Given entries Block Start
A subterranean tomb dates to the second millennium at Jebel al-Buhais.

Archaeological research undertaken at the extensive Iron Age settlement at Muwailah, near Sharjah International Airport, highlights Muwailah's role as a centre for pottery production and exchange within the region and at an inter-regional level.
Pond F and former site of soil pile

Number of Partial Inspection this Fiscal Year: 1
Given entries Block End
Given entries Block Start
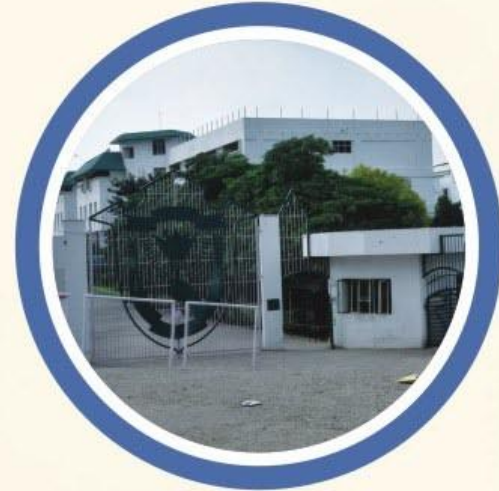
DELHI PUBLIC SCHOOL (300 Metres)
Given entries Block End
## Exercise directions
Reproduce the lines above, beginning at the line with "A subterranean tomb" and stopping after the line with "Pond F and former site of soil pile", exactly as they are.

## Response to the task
A subterranean tomb dates to the second millennium at Jebel al-Buhais.

Archaeological research undertaken at the extensive Iron Age settlement at Muwailah, near Sharjah International Airport, highlights Muwailah's role as a centre for pottery production and exchange within the region and at an inter-regional level.
Pond F and former site of soil pile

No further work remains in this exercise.